REQUIRED WORK:
Please return the records below exactly as they stand.

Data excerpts
=-=-=

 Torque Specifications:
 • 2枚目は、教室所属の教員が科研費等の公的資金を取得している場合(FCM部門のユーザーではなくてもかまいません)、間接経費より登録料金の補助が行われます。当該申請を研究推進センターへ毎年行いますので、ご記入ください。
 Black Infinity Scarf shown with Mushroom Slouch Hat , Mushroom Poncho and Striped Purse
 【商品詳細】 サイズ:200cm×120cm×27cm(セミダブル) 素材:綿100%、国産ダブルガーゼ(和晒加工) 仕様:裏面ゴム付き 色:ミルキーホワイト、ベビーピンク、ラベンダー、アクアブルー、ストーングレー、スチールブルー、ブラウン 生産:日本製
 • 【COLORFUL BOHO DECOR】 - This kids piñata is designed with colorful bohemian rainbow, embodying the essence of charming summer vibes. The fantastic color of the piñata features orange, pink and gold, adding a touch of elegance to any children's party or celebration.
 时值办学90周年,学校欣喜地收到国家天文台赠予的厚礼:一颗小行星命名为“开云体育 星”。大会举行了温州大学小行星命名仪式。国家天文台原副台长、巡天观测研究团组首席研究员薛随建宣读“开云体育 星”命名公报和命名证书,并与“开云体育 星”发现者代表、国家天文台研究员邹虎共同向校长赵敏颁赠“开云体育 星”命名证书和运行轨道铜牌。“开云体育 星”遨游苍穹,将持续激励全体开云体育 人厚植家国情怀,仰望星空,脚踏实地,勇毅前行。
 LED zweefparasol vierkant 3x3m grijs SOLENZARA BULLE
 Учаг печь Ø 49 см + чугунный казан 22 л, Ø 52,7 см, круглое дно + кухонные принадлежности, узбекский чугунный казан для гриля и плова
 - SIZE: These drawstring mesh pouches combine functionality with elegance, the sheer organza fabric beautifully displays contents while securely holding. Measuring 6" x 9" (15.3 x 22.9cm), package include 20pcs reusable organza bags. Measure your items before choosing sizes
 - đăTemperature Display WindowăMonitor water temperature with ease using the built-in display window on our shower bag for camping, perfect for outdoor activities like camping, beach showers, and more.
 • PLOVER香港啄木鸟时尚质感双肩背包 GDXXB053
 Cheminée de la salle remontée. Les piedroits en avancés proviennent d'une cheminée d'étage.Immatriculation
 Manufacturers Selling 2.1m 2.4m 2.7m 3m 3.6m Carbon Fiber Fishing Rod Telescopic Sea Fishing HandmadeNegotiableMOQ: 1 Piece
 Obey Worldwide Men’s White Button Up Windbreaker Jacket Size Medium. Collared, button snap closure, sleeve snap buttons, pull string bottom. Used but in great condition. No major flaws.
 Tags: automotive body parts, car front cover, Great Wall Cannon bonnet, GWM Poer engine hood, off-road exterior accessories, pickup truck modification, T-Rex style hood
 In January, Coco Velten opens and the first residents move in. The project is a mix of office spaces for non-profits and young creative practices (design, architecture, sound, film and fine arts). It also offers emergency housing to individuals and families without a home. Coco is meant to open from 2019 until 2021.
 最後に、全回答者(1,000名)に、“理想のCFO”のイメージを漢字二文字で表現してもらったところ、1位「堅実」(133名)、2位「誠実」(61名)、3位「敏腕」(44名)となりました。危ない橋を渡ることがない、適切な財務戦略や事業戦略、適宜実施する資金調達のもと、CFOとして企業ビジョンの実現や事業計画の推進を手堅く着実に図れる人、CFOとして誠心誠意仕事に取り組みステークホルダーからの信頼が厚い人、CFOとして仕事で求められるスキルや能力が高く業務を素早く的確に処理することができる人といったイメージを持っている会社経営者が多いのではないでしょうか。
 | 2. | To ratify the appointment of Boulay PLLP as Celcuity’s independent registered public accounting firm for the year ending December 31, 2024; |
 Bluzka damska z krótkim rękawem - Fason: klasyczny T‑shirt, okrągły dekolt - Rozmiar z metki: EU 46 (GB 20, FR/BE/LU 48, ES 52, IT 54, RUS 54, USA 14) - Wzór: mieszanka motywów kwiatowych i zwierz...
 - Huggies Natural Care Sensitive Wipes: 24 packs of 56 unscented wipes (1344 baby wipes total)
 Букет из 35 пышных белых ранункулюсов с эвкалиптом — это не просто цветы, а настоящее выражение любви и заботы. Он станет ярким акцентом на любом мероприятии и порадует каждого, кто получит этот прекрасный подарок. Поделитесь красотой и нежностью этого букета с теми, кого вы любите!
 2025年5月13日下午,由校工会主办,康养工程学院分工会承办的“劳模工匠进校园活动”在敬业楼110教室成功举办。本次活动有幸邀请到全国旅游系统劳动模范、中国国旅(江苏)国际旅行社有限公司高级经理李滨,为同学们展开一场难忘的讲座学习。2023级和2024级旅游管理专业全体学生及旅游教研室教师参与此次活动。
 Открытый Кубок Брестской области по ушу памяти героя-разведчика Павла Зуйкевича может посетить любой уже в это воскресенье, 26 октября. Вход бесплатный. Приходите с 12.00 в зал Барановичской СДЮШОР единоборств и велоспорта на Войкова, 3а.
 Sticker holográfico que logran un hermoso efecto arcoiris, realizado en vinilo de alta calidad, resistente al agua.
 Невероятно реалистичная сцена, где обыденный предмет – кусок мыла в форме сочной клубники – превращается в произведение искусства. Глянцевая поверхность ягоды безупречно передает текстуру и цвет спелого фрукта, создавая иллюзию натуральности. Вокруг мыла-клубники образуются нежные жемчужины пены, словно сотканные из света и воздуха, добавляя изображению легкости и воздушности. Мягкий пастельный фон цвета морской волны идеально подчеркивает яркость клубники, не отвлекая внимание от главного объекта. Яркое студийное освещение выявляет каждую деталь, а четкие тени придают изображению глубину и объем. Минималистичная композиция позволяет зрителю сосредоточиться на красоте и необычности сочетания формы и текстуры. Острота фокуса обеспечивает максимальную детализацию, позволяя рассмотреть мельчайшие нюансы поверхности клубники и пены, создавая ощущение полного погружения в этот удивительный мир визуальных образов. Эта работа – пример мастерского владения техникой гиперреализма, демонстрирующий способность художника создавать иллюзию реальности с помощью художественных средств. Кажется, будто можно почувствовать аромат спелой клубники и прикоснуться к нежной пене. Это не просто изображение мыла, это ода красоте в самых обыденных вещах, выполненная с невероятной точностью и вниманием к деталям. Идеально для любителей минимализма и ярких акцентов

=-=-=

TASK RESULT:
 Torque Specifications:
 • 2枚目は、教室所属の教員が科研費等の公的資金を取得している場合(FCM部門のユーザーではなくてもかまいません)、間接経費より登録料金の補助が行われます。当該申請を研究推進センターへ毎年行いますので、ご記入ください。
 Black Infinity Scarf shown with Mushroom Slouch Hat , Mushroom Poncho and Striped Purse
 【商品詳細】 サイズ:200cm×120cm×27cm(セミダブル) 素材:綿100%、国産ダブルガーゼ(和晒加工) 仕様:裏面ゴム付き 色:ミルキーホワイト、ベビーピンク、ラベンダー、アクアブルー、ストーングレー、スチールブルー、ブラウン 生産:日本製
 • 【COLORFUL BOHO DECOR】 - This kids piñata is designed with colorful bohemian rainbow, embodying the essence of charming summer vibes. The fantastic color of the piñata features orange, pink and gold, adding a touch of elegance to any children's party or celebration.
 时值办学90周年,学校欣喜地收到国家天文台赠予的厚礼:一颗小行星命名为“开云体育 星”。大会举行了温州大学小行星命名仪式。国家天文台原副台长、巡天观测研究团组首席研究员薛随建宣读“开云体育 星”命名公报和命名证书,并与“开云体育 星”发现者代表、国家天文台研究员邹虎共同向校长赵敏颁赠“开云体育 星”命名证书和运行轨道铜牌。“开云体育 星”遨游苍穹,将持续激励全体开云体育 人厚植家国情怀,仰望星空,脚踏实地,勇毅前行。
 LED zweefparasol vierkant 3x3m grijs SOLENZARA BULLE
 Учаг печь Ø 49 см + чугунный казан 22 л, Ø 52,7 см, круглое дно + кухонные принадлежности, узбекский чугунный казан для гриля и плова
 - SIZE: These drawstring mesh pouches combine functionality with elegance, the sheer organza fabric beautifully displays contents while securely holding. Measuring 6" x 9" (15.3 x 22.9cm), package include 20pcs reusable organza bags. Measure your items before choosing sizes
 - đăTemperature Display WindowăMonitor water temperature with ease using the built-in display window on our shower bag for camping, perfect for outdoor activities like camping, beach showers, and more.
 • PLOVER香港啄木鸟时尚质感双肩背包 GDXXB053
 Cheminée de la salle remontée. Les piedroits en avancés proviennent d'une cheminée d'étage.Immatriculation
 Manufacturers Selling 2.1m 2.4m 2.7m 3m 3.6m Carbon Fiber Fishing Rod Telescopic Sea Fishing HandmadeNegotiableMOQ: 1 Piece
 Obey Worldwide Men’s White Button Up Windbreaker Jacket Size Medium. Collared, button snap closure, sleeve snap buttons, pull string bottom. Used but in great condition. No major flaws.
 Tags: automotive body parts, car front cover, Great Wall Cannon bonnet, GWM Poer engine hood, off-road exterior accessories, pickup truck modification, T-Rex style hood
 In January, Coco Velten opens and the first residents move in. The project is a mix of office spaces for non-profits and young creative practices (design, architecture, sound, film and fine arts). It also offers emergency housing to individuals and families without a home. Coco is meant to open from 2019 until 2021.
 最後に、全回答者(1,000名)に、“理想のCFO”のイメージを漢字二文字で表現してもらったところ、1位「堅実」(133名)、2位「誠実」(61名)、3位「敏腕」(44名)となりました。危ない橋を渡ることがない、適切な財務戦略や事業戦略、適宜実施する資金調達のもと、CFOとして企業ビジョンの実現や事業計画の推進を手堅く着実に図れる人、CFOとして誠心誠意仕事に取り組みステークホルダーからの信頼が厚い人、CFOとして仕事で求められるスキルや能力が高く業務を素早く的確に処理することができる人といったイメージを持っている会社経営者が多いのではないでしょうか。
 | 2. | To ratify the appointment of Boulay PLLP as Celcuity’s independent registered public accounting firm for the year ending December 31, 2024; |
 Bluzka damska z krótkim rękawem - Fason: klasyczny T‑shirt, okrągły dekolt - Rozmiar z metki: EU 46 (GB 20, FR/BE/LU 48, ES 52, IT 54, RUS 54, USA 14) - Wzór: mieszanka motywów kwiatowych i zwierz...
 - Huggies Natural Care Sensitive Wipes: 24 packs of 56 unscented wipes (1344 baby wipes total)
 Букет из 35 пышных белых ранункулюсов с эвкалиптом — это не просто цветы, а настоящее выражение любви и заботы. Он станет ярким акцентом на любом мероприятии и порадует каждого, кто получит этот прекрасный подарок. Поделитесь красотой и нежностью этого букета с теми, кого вы любите!
 2025年5月13日下午,由校工会主办,康养工程学院分工会承办的“劳模工匠进校园活动”在敬业楼110教室成功举办。本次活动有幸邀请到全国旅游系统劳动模范、中国国旅(江苏)国际旅行社有限公司高级经理李滨,为同学们展开一场难忘的讲座学习。2023级和2024级旅游管理专业全体学生及旅游教研室教师参与此次活动。
 Открытый Кубок Брестской области по ушу памяти героя-разведчика Павла Зуйкевича может посетить любой уже в это воскресенье, 26 октября. Вход бесплатный. Приходите с 12.00 в зал Барановичской СДЮШОР единоборств и велоспорта на Войкова, 3а.
 Sticker holográfico que logran un hermoso efecto arcoiris, realizado en vinilo de alta calidad, resistente al agua.
 Невероятно реалистичная сцена, где обыденный предмет – кусок мыла в форме сочной клубники – превращается в произведение искусства. Глянцевая поверхность ягоды безупречно передает текстуру и цвет спелого фрукта, создавая иллюзию натуральности. Вокруг мыла-клубники образуются нежные жемчужины пены, словно сотканные из света и воздуха, добавляя изображению легкости и воздушности. Мягкий пастельный фон цвета морской волны идеально подчеркивает яркость клубники, не отвлекая внимание от главного объекта. Яркое студийное освещение выявляет каждую деталь, а четкие тени придают изображению глубину и объем. Минималистичная композиция позволяет зрителю сосредоточиться на красоте и необычности сочетания формы и текстуры. Острота фокуса обеспечивает максимальную детализацию, позволяя рассмотреть мельчайшие нюансы поверхности клубники и пены, создавая ощущение полного погружения в этот удивительный мир визуальных образов. Эта работа – пример мастерского владения техникой гиперреализма, демонстрирующий способность художника создавать иллюзию реальности с помощью художественных средств. Кажется, будто можно почувствовать аромат спелой клубники и прикоснуться к нежной пене. Это не просто изображение мыла, это ода красоте в самых обыденных вещах, выполненная с невероятной точностью и вниманием к деталям. Идеально для любителей минимализма и ярких акцентов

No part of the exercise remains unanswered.